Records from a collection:
- - -

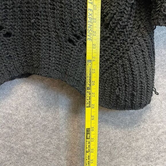 POL Sweater Women's Medium Black Chunky Knit Pullover V Neck Bell Tie Sleeves
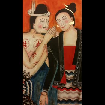 | คำอธิบาย : ปู่ม่านย่าม่าน หรือ หนุ่มกระซิบ เป็นภาพจิตรกรรมฝาผนังภายในวัดภูมินทร์ จังหวัดน่าน อันเป็นผลงานของหนานบัวผัน จิตรกรพื้นถิ่นเชื้อสายไทลื้อ ซึ่งได้รับการยอมรับว่าเป็นผลงานที่ปราณีตและเป็นภาพที่โดดเด่นประจำวัด ภูมินทร์ โดยเป็นภาพชายหญิงคู่หนึ่งกำลังกระซิบสนทนา และมีชื่อเสียงว่าเป็นภาพ กระซิบรักบันลือโลก |
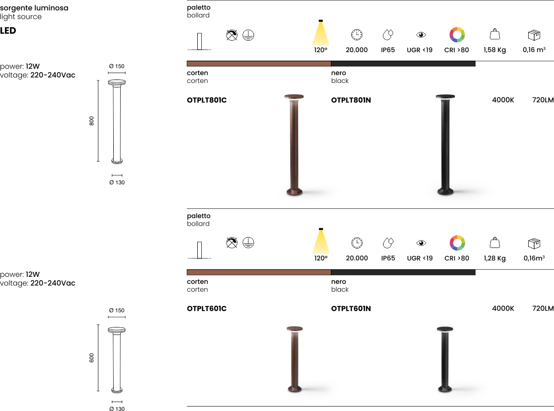 Paletto LED in alluminio con diffusore in policarbonato. Driver incluso.
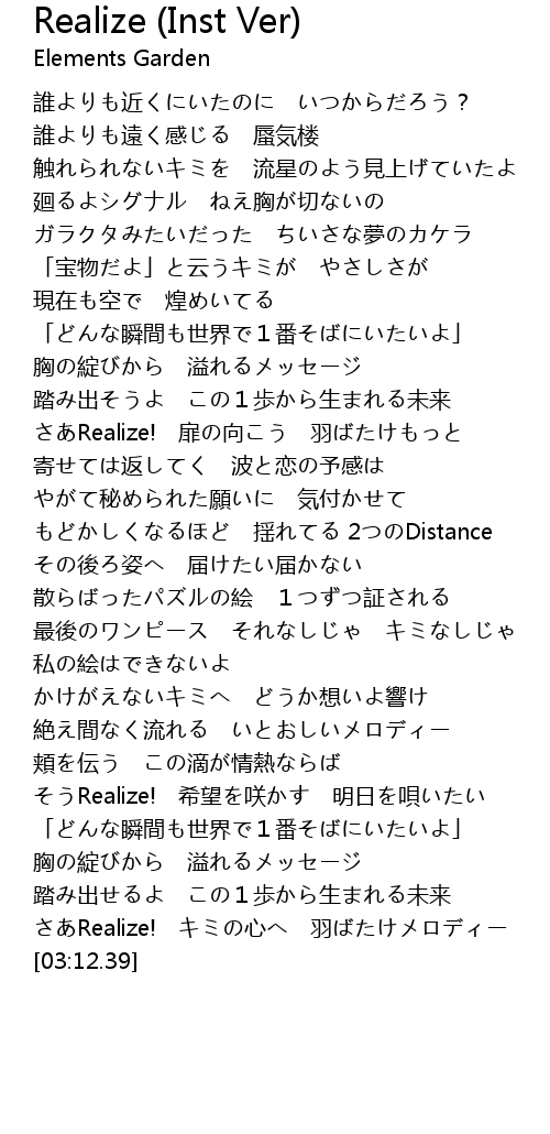 | [03:02.17] | さあRealize! キミの心へ 羽ばたけメロディー |
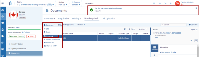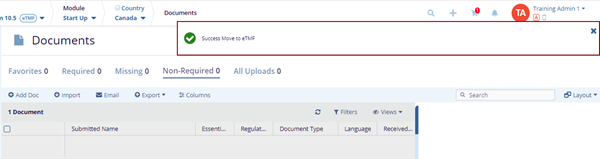- The Success Move to eTMF notification message is displayed on the top right of the
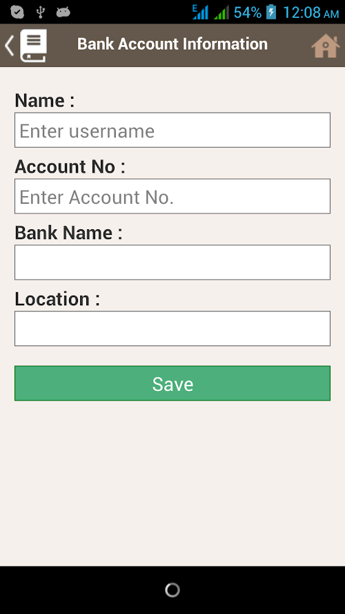 2. Account Information: This feature contains all the account information like account holders name, account number, banks name, location of the bank.
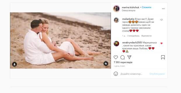Пара обручилась в Дубае, а свадебная церемония состоялась 2 сентября в роскошном ресторане в Одессе. О свадьбе Кищук рассказала в своем Instagram. Она написала, что это был самый счастливый день ее жизни и она невероятно счастлива. Также Кищук показала поклонникам нежное видео со своим мужем в стиле love stories. Ролик сняли на одном из пляжей у моря, Марина с Олегом показали настоящую любовь и нежность. Поклонникам понравилось видео, они написали много комментариев и пожелали Марине семейного счастья. "Поздровляю вас!!! Очень красиво
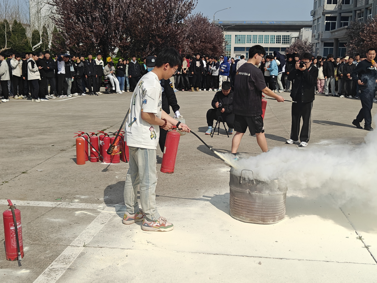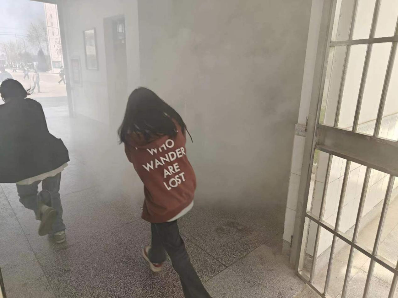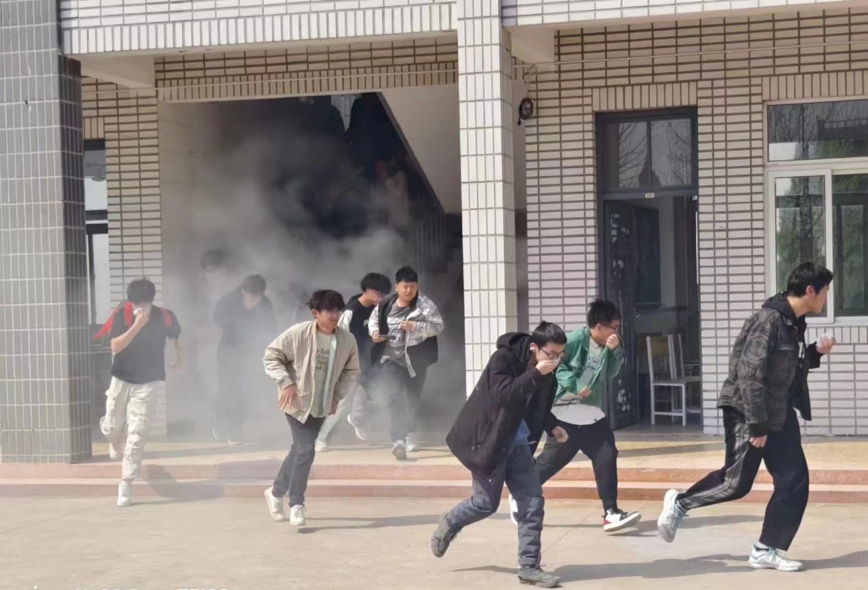 随着紧急警报的响起,疏散逃生演练活动正式开始。在教学楼、信息中心、宿舍区的学生们弯腰、捂住口鼻,按既定路线,快速、有序地撤离到安全地带。整个疏散过程安全、有序,达到了预期的演练效果。疏散演练完毕后,保卫部门现场演示和指导了灭火实操练习,并邀请各班安全委员和部分教师使用灭火器进行灭火训练。

- - -

Output exactly the lines above, from the line with "2. Account Information: This" to the line with "Пара обручилась в", both included; skip the pictures.

 2. Account Information: This feature contains all the account information like account holders name, account number, banks name, location of the bank.
Пара обручилась в Дубае, а свадебная церемония состоялась 2 сентября в роскошном ресторане в Одессе. О свадьбе Кищук рассказала в своем Instagram. Она написала, что это был самый счастливый день ее жизни и она невероятно счастлива. Также Кищук показала поклонникам нежное видео со своим мужем в стиле love stories. Ролик сняли на одном из пляжей у моря, Марина с Олегом показали настоящую любовь и нежность. Поклонникам понравилось видео, они написали много комментариев и пожелали Марине семейного счастья. "Поздровляю вас!!! Очень красиво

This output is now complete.